Her testimony provided a timely example of exactly how confusing the state’s abortion laws can be in action, even to those tasked with enforcing them.
Harrison, an Austin attorney, learned late last year that one of her twins was not going to survive outside the womb. Her doctors advised her to travel out of state for a selective reduction to terminate the nonviable fetus.
On Monday, Harrison asked the medical board to more explicitly inform doctors they can perform selective reductions if continuing the pregnancy threatens the other fetus’ life. She pointed to the part of the law that says it is not an abortion if it is intended to “save the life or preserve the health of an unborn child.”
Stephen “Brint” Carlton, the board’s executive director, corrected her, saying that line applies to things like fetal surgeries and other interventions aimed at saving single pregnancies, not selective reductions of multiples. But then board chair Dr. Sherif Zaafran chimed in, saying that, in general, if a doctor feels a selective reduction is the standard of care and other expert physicians agree, it could potentially be allowed.
Harrison pushed back, saying her doctors did believe a selective reduction to be the standard of care.
“Under threat of criminal prosecution and losing their license, they were not going to provide a reduction because they couldn’t prove that I was at serious risk of losing my life or serious bodily function,” she said.
Later in the hearing, a retired OB/GYN said he didn’t believe Harrison would have qualified for an abortion in Texas. Then, a health lawyer weighed in to say she agreed with Harrison’s interpretation of the law.
“I thought that exception applied until I heard you today,” Louise Joy, an attorney who advises Texas hospitals, said to Carlton. “But that’s the very confusion we have.”

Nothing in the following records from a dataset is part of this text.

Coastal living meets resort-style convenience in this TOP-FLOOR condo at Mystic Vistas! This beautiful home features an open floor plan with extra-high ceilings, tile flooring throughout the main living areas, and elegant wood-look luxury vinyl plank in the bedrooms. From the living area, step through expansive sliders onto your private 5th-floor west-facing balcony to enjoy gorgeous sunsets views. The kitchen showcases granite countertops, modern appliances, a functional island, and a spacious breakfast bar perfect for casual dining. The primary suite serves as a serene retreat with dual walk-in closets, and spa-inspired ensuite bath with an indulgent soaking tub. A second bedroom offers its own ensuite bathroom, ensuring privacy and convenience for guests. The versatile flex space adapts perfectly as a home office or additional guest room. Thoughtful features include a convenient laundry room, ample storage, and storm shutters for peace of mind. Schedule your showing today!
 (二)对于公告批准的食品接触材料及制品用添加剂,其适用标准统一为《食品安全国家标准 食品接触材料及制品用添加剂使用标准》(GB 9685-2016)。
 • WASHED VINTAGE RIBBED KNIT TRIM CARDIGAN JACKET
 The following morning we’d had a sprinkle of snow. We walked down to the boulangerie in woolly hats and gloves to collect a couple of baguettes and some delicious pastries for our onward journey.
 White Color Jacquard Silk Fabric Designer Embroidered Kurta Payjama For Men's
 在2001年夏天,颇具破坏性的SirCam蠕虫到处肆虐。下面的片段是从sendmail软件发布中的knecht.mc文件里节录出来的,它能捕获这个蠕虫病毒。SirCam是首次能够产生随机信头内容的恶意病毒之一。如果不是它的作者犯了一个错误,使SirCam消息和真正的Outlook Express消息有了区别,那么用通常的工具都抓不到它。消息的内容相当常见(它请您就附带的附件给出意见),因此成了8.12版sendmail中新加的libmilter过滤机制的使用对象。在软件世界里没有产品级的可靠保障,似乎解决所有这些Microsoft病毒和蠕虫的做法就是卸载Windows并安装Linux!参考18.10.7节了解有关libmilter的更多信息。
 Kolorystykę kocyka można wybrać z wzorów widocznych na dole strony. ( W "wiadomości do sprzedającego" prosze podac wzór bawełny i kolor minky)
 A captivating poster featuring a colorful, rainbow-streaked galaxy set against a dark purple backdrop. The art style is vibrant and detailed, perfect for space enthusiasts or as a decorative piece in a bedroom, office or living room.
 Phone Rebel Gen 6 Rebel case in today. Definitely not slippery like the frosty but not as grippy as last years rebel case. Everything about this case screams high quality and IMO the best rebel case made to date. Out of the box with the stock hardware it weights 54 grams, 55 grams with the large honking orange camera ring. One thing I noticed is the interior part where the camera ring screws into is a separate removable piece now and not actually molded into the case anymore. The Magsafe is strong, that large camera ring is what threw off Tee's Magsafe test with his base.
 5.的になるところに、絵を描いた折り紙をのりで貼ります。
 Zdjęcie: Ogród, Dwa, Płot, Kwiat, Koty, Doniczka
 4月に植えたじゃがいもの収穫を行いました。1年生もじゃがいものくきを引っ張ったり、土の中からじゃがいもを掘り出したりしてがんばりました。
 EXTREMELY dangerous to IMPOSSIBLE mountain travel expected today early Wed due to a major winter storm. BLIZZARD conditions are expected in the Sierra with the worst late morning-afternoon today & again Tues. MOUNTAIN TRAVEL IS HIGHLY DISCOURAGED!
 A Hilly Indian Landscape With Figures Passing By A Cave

This is but one example of the ongoing confusion among doctors and lawyers about how to interpret the new abortion laws. The medical board has proposed guidance to clarify some of that uncertainty, but five hours of testimony and hundreds of written comments later, it’s clear no one is particularly pleased with their first attempt including, it seems, the medical board itself.
Zaafran said repeatedly that they would consider revisiting aspects of the proposal where doctors’ interpretations of the guidance was at odds with the boards’ intent.
“If the board was perfect, which we’re certainly not, then that would be it,” Zaafran said. “But having 1,000 sets of eyes [helps with] highlighting things that we may have overlooked and blind spots that we may not have been able to highlight.”
Guidance pushback
The Texas Medical Board initially resisted calls to issue guidance to doctors on how to interpret the state’s new abortion laws. Even after the Texas Supreme Court called on the licensing agency to “assess various hypothetical circumstances, provide best practices, identify red lines, and the like,” the board averred.
But after Steve and Amy Bresnen, Austin attorneys and health lobbyists, filed an official petition, the board conceded, issuing this first proposal in March. At Monday’s stakeholder hearing, doctors, lawyers and advocates across the political spectrum testified that the guidance did not clarify when doctors can act and, in fact, adds additional confusion.
In addition to gathering all the definitions from different abortion statutes in one place, the guidance primarily lists out what doctors are expected to document when deciding whether to perform an abortion.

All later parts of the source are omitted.